Eso no quiere decir que las cosas no deban cambiar nunca. Al contrario, sería absurdo sugerir que un barrio o país pueda congelarse en el tiempo o protegerse de los vientos del cambio. Pero lo crucial es cómo se gestiona ese cambio. Los ciudadanos tienen derecho a que se respete su modo de vida arraigado -su cultura, sus costumbres, sus convenciones sociales, etc.- y a que cualquier cambio se produzca a un ritmo y a una escala que puedan asimilar cómodamente. En nuestra historia reciente, con demasiada frecuencia se les ha impuesto de una manera que ha causado desorientación y desarraigo. Ha sido demasiado rápido y de un alcance excesivo. Y cuando estas personas se quejaron, fueron tachadas de intolerantes de mente estrecha.
Resulta extraño (o quizá no) que las exigencias que se hacen a las comunidades de la clase trabajadora blanca en Gran Bretaña -que se abran a la diversidad y al cosmopolitismo, para promover mejor la tolerancia y el entendimiento- nunca se hagan a otras comunidades. ¿Te imaginas a un político diciéndole a una comunidad musulmana, por ejemplo, que no es lo bastante diversa y que debería estar más dispuesta a aceptar el cambio cultural?

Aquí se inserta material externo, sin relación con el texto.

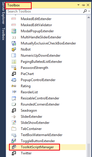We will now open the Toolbox then select the Ajax Pane and drag ToolkitScriptManager to the div tag inside the WebForm.
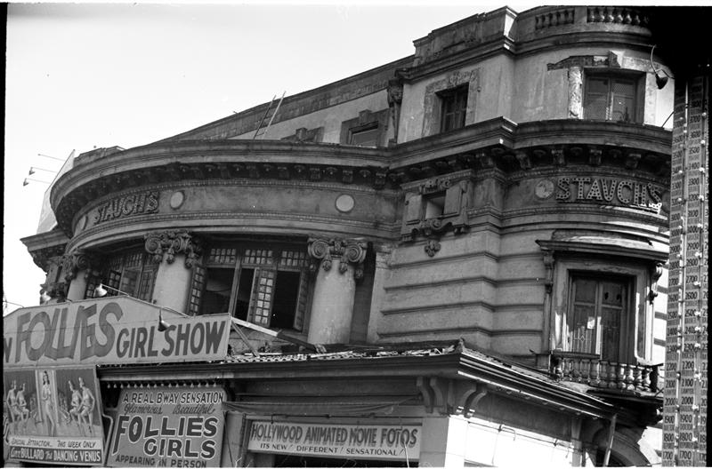 [Sign advertising Follies Girls in front of Stauch's building.]
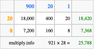 That's all there is to it! As you can see from the box above, the answer to 921 times 28 using the box method is 25,788.
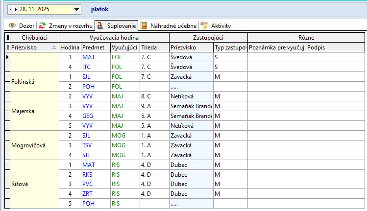 9.10.2023: p. Zavacká supl. rozvrh p. Halásovej
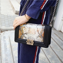 蛇纹女包2017新款链条包真皮单肩斜挎包撞色小包包百搭迷你小方包
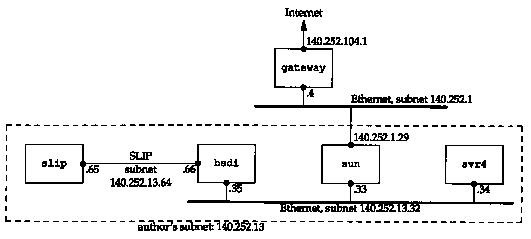 sun | 140.252.1.29 140.252.13.33 | 255.255.255.0 255.255.255.224 | 140.252.1 140.252.13.32 | 1 | on subnet 1 on author's Ethernet |
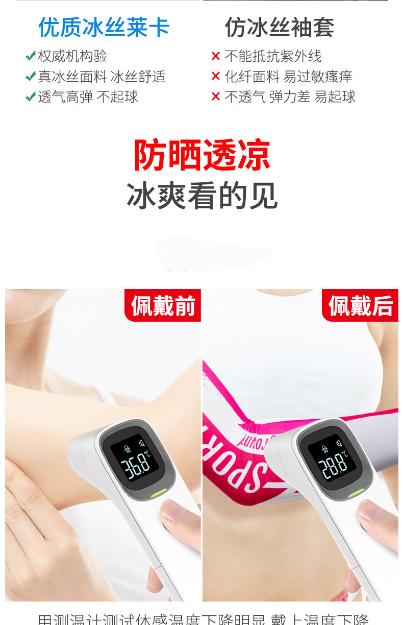 【首单6元】夏季防晒冰丝运动袖套。高端冰丝材质,抗紫外线、吸湿排汗强,穿上这个防晒冰袖,温度可以立减5℃,肌肤上的防晒问题就交给它了!
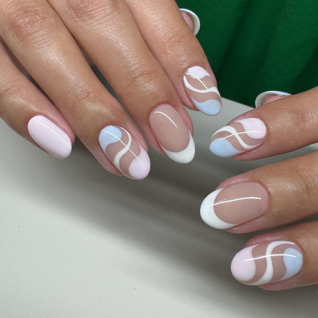 These creamy nude-and-pastel swirls are the definition of calm beauty. The rounded almond shape keeps things practical, while the fluid lines add just enough movement to feel intentional (not overdone). It’s soft, wearable, and very “I still want cute nails without committing to chaos.”
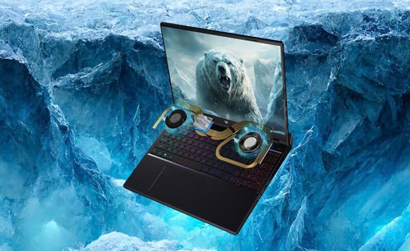 - Predator Helios Neo 16 được trang bị hệ thống tản nhiệt tiên tiến, bao gồm 2 quạt với một quạt AeroBlade 3D thế hệ thứ năm. Quạt này mang đến khả năng làm mát hiệu quả, giảm thiểu nhiệt độ trong quá trình sử dụng máy ở công suất cao mà còn không tạo ra tiến ồn quá khó chịu khi chơi game.
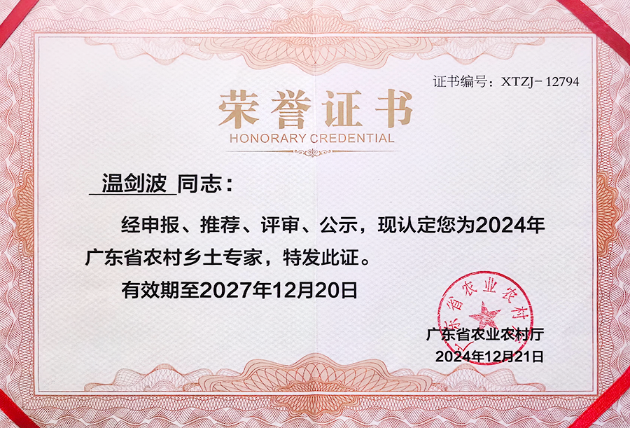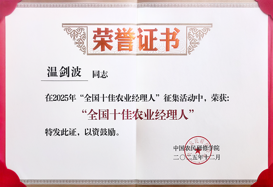 他的企业责任观超越了利润追求:“企业除了要充分考虑到行业的痛点、社会的痛点,为社会解决就业、带来税收,还要充分考虑能在哪些方面更多地促进社会的发展?把这些问题想清楚,战略才会清晰。”这种家国情怀,让他先后荣获“全国十佳农业经理人”“广东省农村乡土专家”“2025年度优秀民营企业家”“2025年度科技创新先锋人物”等称号,并入选《致敬建国75周年最美管理者风采录》。
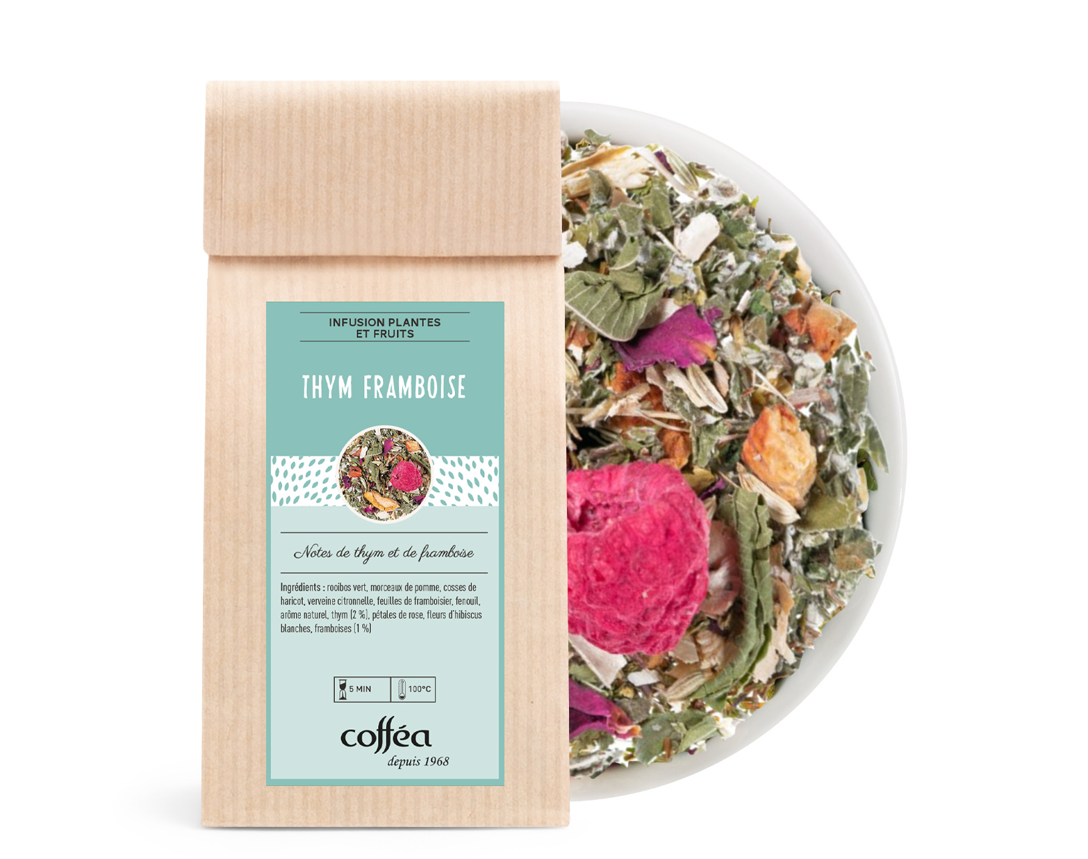 Thym framboise c’est une infusion qui soutiendra l'immunité et remontera le moral. Une belle boisson pour une soirée froide, rappelant les jours chauds, réchauffant par son arôme et apportant une humeur positive.
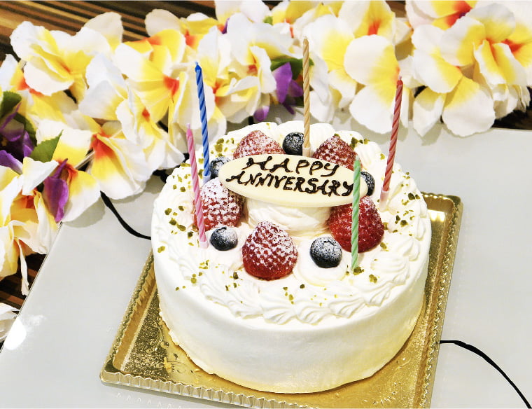 ハワイアンズではお祝い事を彩るケーキや花束、
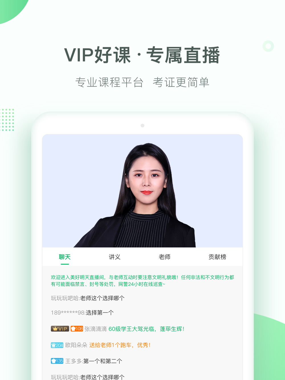 @U1334***:有很多老师特别负责,跟着老师的进度来,听话照做,考试肯定没问题的。不仅教老师很有实力讲的也细 特别喜欢讲课清晰 跟着听思路也很清晰。
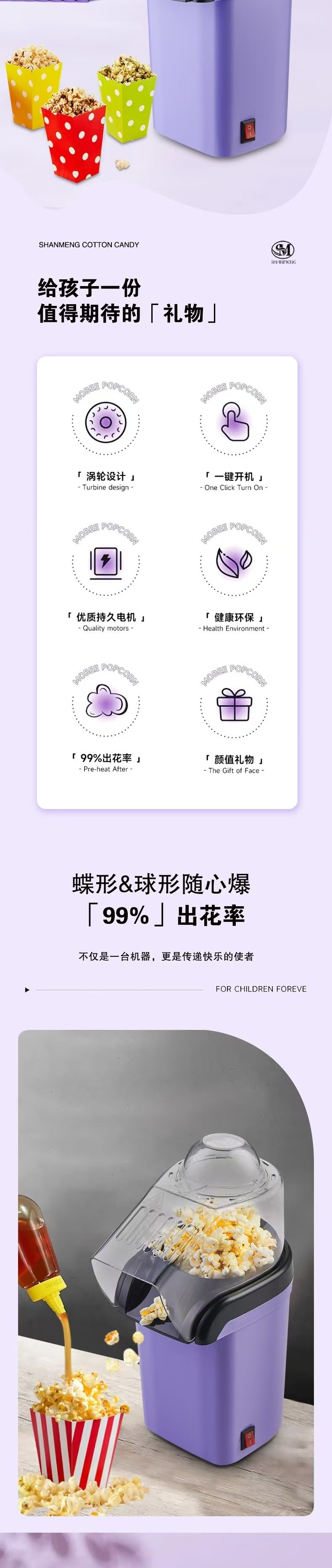 • 매력적인 보라색 팝콘 기계의 SM-1200 고급 버전

No cabe duda de que al Rey Carlos, como a todos los monarcas, le mueve el deseo de seguir siendo «relevante» y de demostrar que está al día de lo que pasa en el país. Pero ningún corte de cinta o apretón de manos le proporcionará una imagen real de las vidas y prioridades de millones de sus súbditos, en particular de los que viven en las zonas obreras y provincianas de su reino. Cuando se trata de deberes como el mensaje de Navidad, va a estar invariablemente a merced de sus asesores. Pero estos asesores, que suelen proceder de un entorno no muy amplio, a menudo desconocen la vida más allá de sus propios círculos. Así que, a la hora de juzgar el sentir público sobre una cuestión determinada, es probable que se limiten a considerar lo que dicen otros miembros de la élite y las instituciones obsesionadas con DEI (Diversidad, Igualdad e Inclusión) que dirigen. Por lo tanto, para ellos, la fijación por la diversidad refleja el espíritu de la época.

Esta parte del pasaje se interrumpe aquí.